When Peter Voulkos first worked with bronze, in 1959, it was – he later said – “a matter of convenience.” That tells you a lot about where he was coming from. Few sculptors then would have seen bronze casting, just then being experimentally rediscovered in independent foundries, as a path of low resistance. But then, Voulkos had just made the most titanic works of his career – a series of totemic sculptures like Sitting Bull and Little Big Horn, which still rank as the most important of all modern ceramics.1
He’d arrived at those herculean achievements in a studio on Glendale Boulevard, shared with John Mason, which had an impressive infrastructure for making: a walk-in kiln, industrial mixers and humidity control. When Voulkos was fired from the Otis Art Institute for general recalcitrance, and moved up to the Bay Area to teach at Berkeley, he was abruptly cut off from this facility and needed to find a new productive pathway. This was where bronze casting came in: a group led by Donald Haskins had set up the Garbanzo Works, and he was able to immediately begin creating sculpture there. This led swiftly to a body of work constructed from cylindrical, spherical and cubic forms, like giant Tinkertoys. While he never entirely stopped working in clay, Voulkos’s enormous artistic energies would be focused on bronze for most of the next decade.

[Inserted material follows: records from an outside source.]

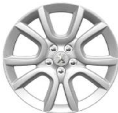
18" 'Naos' Alloy
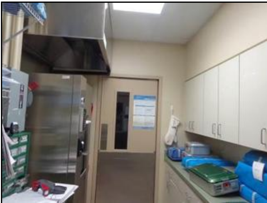
View: Nurses station inside sterile area
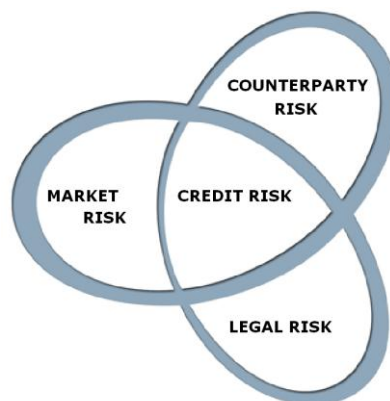
Figure 1: Key Risks in Securitisation

So it was in the nature of a return when Voulkos began collaborating with Artworks Foundry (the same facility that made Judy McKie’s bronzes) in 1986. Now he had different priorities. In the ensuing years, he had developed a few key typologies in his ceramic work, of which the most famous is the “stack” – a veritable mountain of clay, rammed full of constructive incident, culminating in a cylindrical top. These works retain a nominal basis in the vessel form, but transcend it through sheer scale and power; they inhabit a room with geological presence.
Anasazi – the name alludes to the Ancestral Puebloan people, masters of pottery in their own right – is a casting of one of these ceramic stacks, which was fully eleven years old when Voulkos recreated it in bronze. Rather like anagama wood firing (a process that he undertook mainly with Peter Callas), casting was a way to open up his practice beyond the studio. The inherent monumentality of the metal, and the patination that the foundry added, imbues the work with tremendous gravitas, rivaling the best of what he made in clay.
[1] See Glenn Adamson, Barbara Paris Gifford, and Andrew Perchuk, Voulkos: The Breakthrough Years (Museum of Arts and Design, 2016).